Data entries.
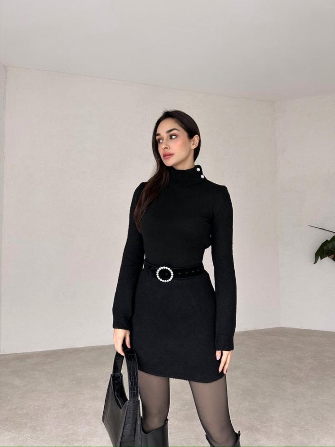 Dekolte Detaylı Midi THALES Elbise 5500 - Taş
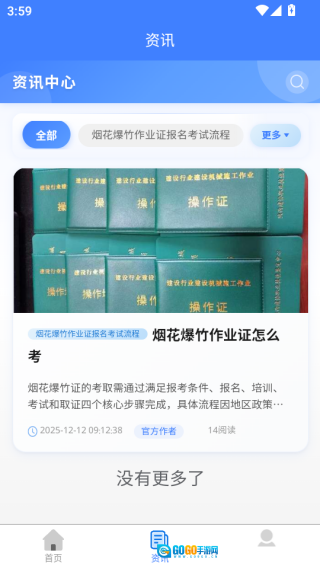 资讯中心会及时推送烟花爆竹作业证的报名流程、考试政策等重要信息,方便用户随时了解考试动态。
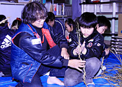 地域の人たちの指導で縄ないを体験する児童
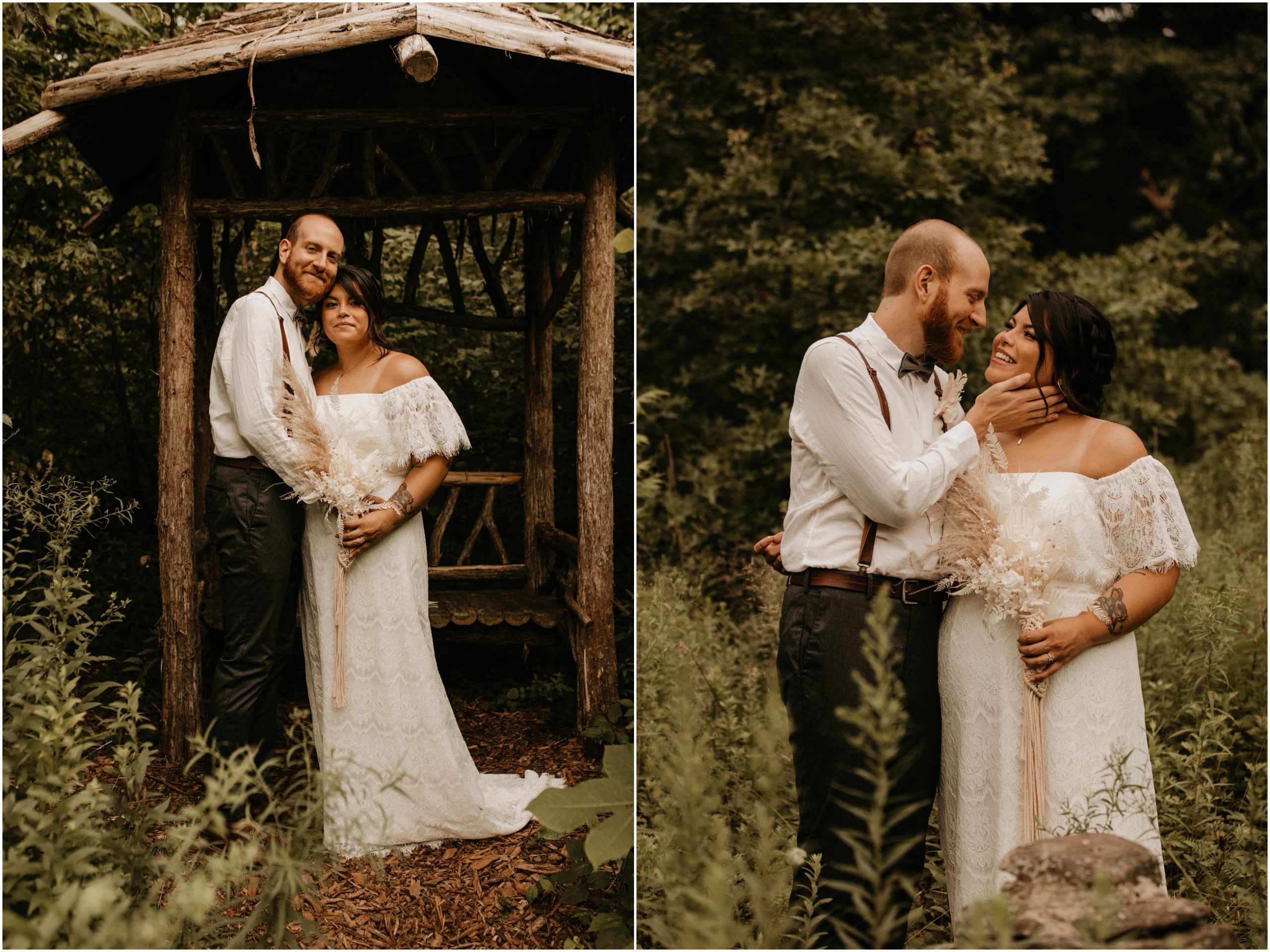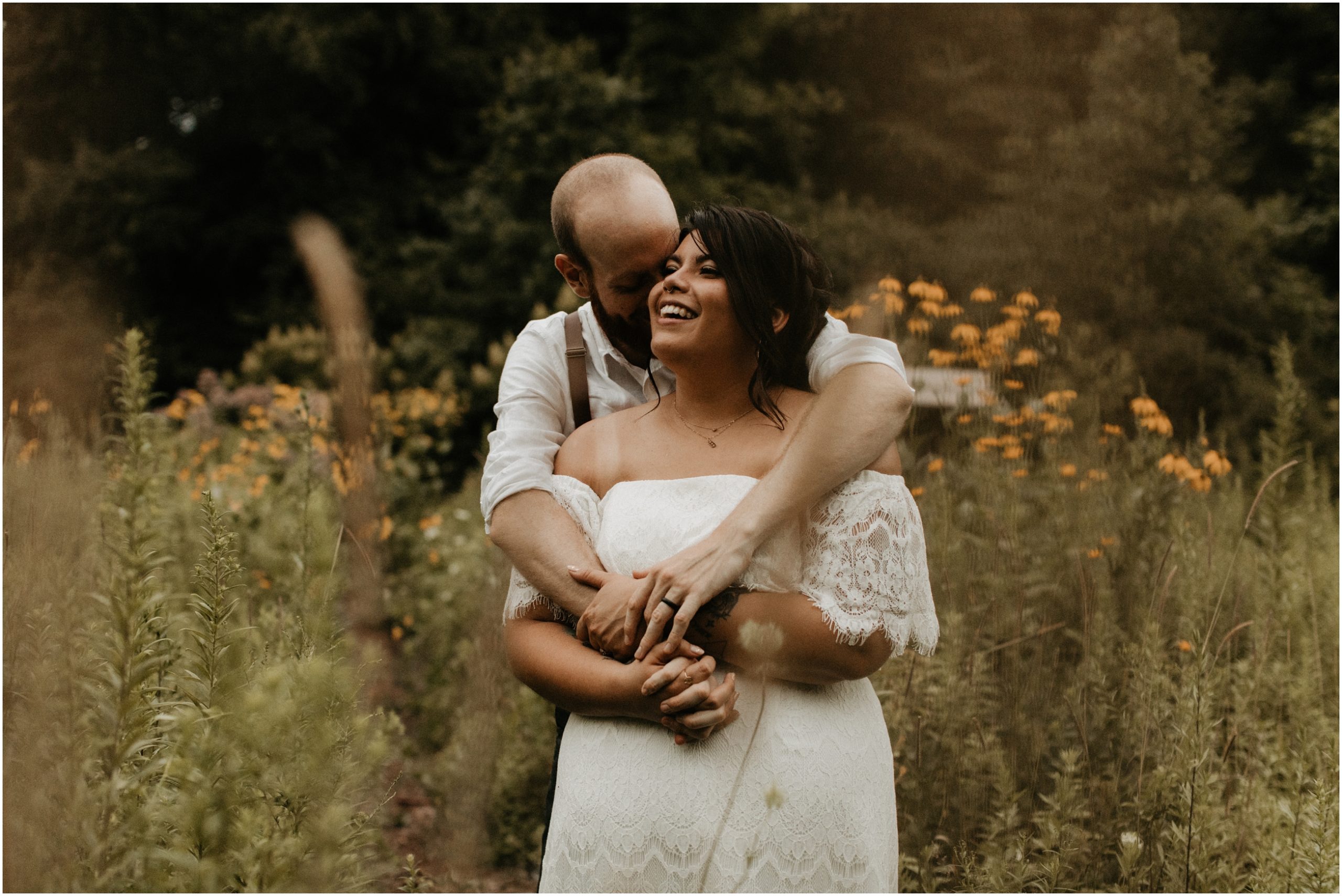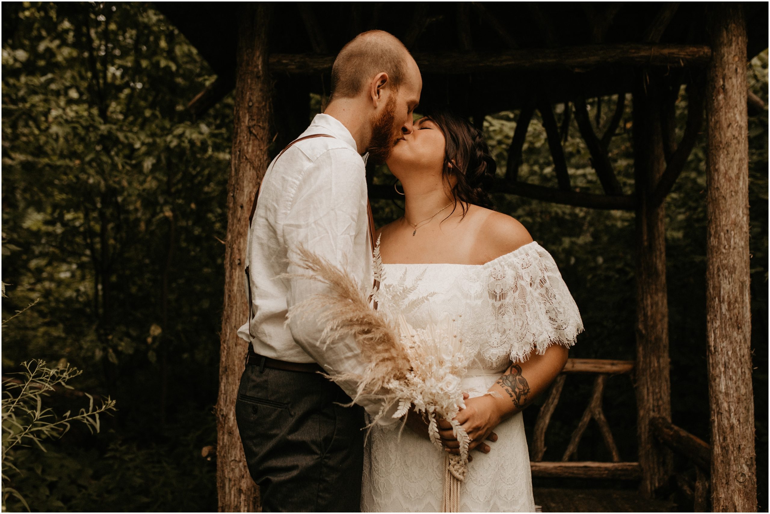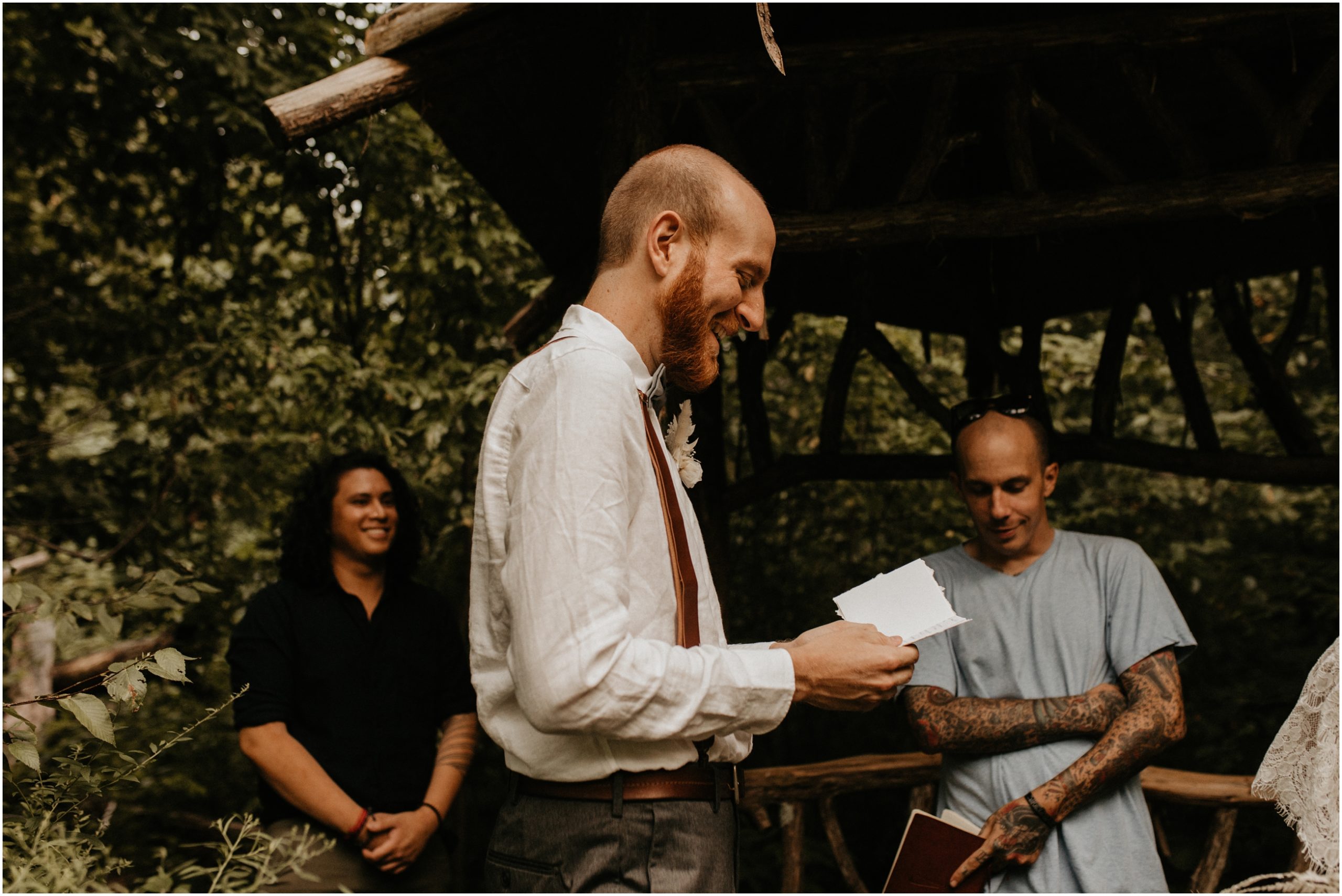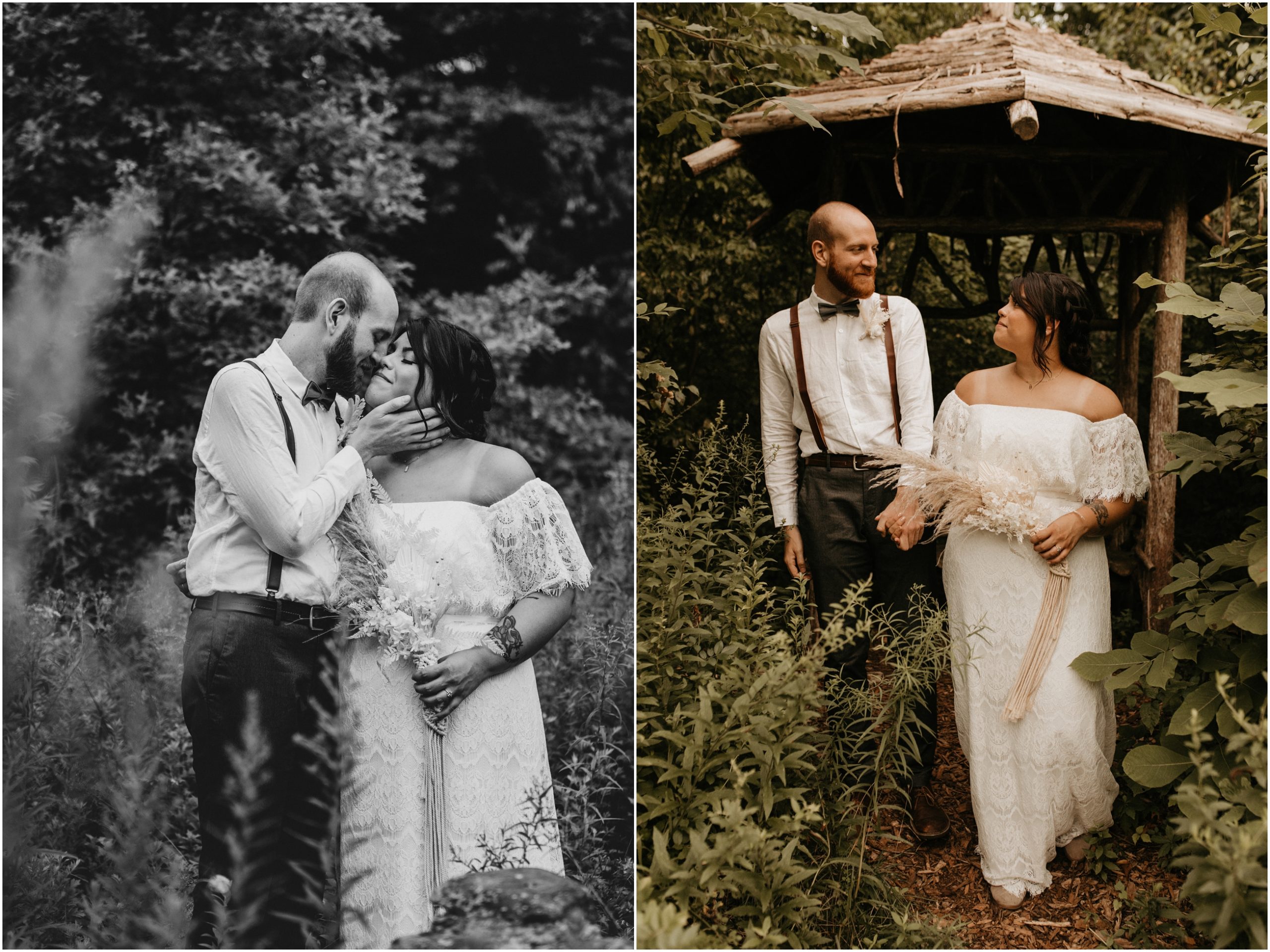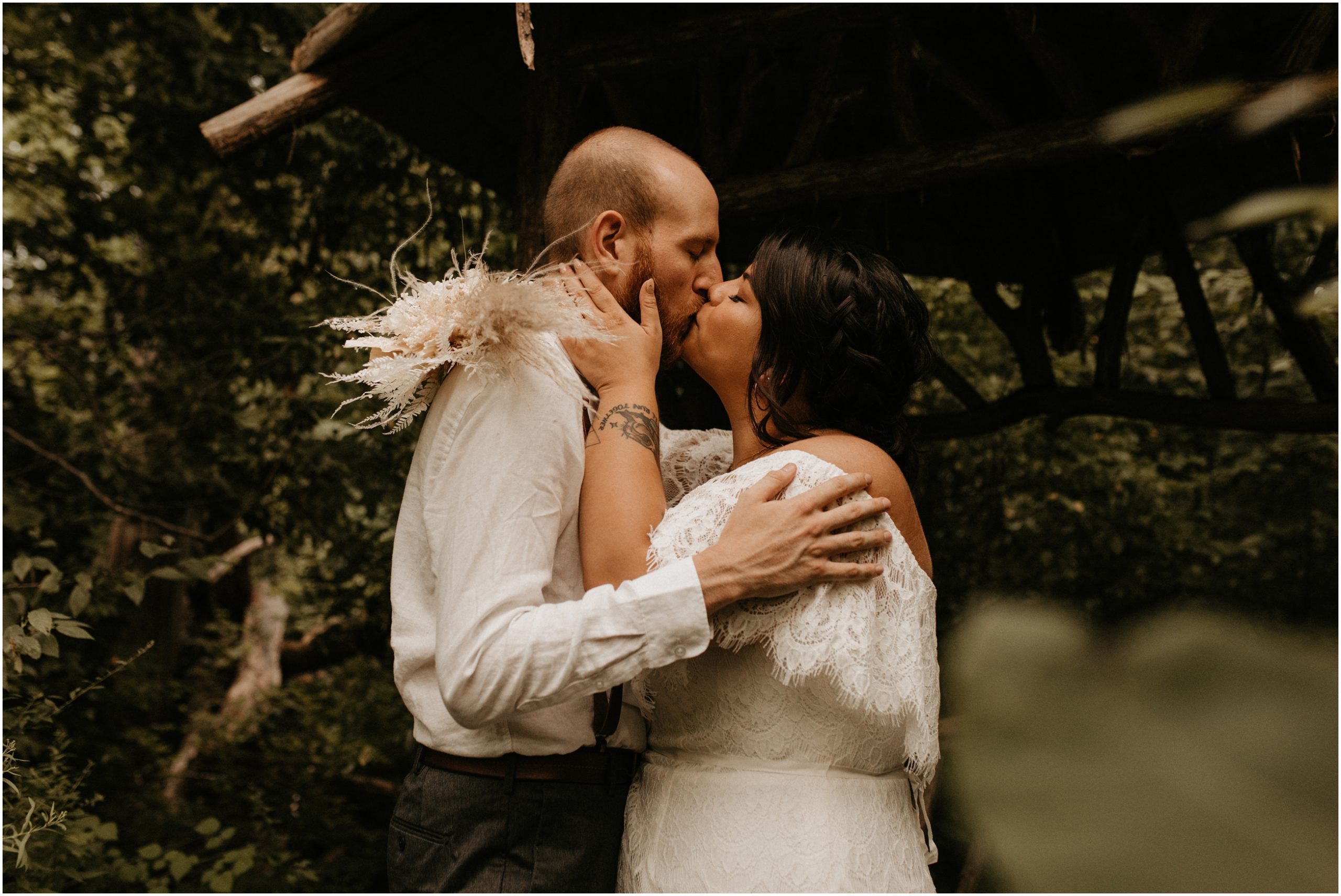 They found this hidden whimsical elopement spot just a day or so before their big day, and it all worked out so perfectly! It was totally secluded and absolutely stunning. I loved how engulfed in nature we felt, as these two are vegans like me, and I know nature means a lot to them! They’re up for any hiking adventure, like their waterfall engagement session in another part of this same reservation! Ahhh, this elopement was relaxed, romantic, and so totally THEM from their celestial details to their moody portraits to their vegan brownies and Saki to celebrate! Such a perfect day!!
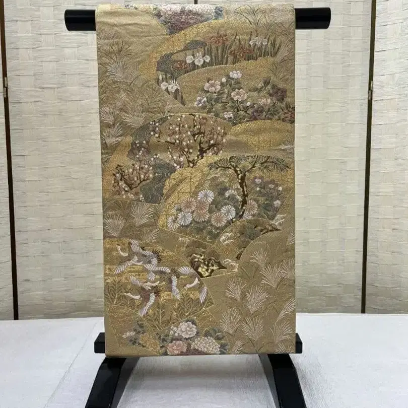 ❃ 골드 바탕에 지이패턴과 사계절 꽃, 학 등의 무늬가 있는 럭셔리한 후쿠로 오비입니다(o'∀`) ♪
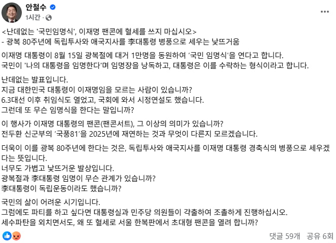 민생 어렵다고 미래세대 호주머니에 있던 돈 빼앗아서 뿌려놓고는, 대관식을 하겠다고? 그것도 광복절에? ㅁㅊㄴ인가?

WHAT IS NEEDED. Copy out exactly the lines that begin at the line with "资讯中心会及时推送烟花爆竹作" and end at the final line of the entries above. Leave out the pictures.

RESULT FOR THIS EXERCISE.
 资讯中心会及时推送烟花爆竹作业证的报名流程、考试政策等重要信息,方便用户随时了解考试动态。
 地域の人たちの指導で縄ないを体験する児童
 They found this hidden whimsical elopement spot just a day or so before their big day, and it all worked out so perfectly! It was totally secluded and absolutely stunning. I loved how engulfed in nature we felt, as these two are vegans like me, and I know nature means a lot to them! They’re up for any hiking adventure, like their waterfall engagement session in another part of this same reservation! Ahhh, this elopement was relaxed, romantic, and so totally THEM from their celestial details to their moody portraits to their vegan brownies and Saki to celebrate! Such a perfect day!!
 ❃ 골드 바탕에 지이패턴과 사계절 꽃, 학 등의 무늬가 있는 럭셔리한 후쿠로 오비입니다(o'∀`) ♪
 민생 어렵다고 미래세대 호주머니에 있던 돈 빼앗아서 뿌려놓고는, 대관식을 하겠다고? 그것도 광복절에? ㅁㅊㄴ인가?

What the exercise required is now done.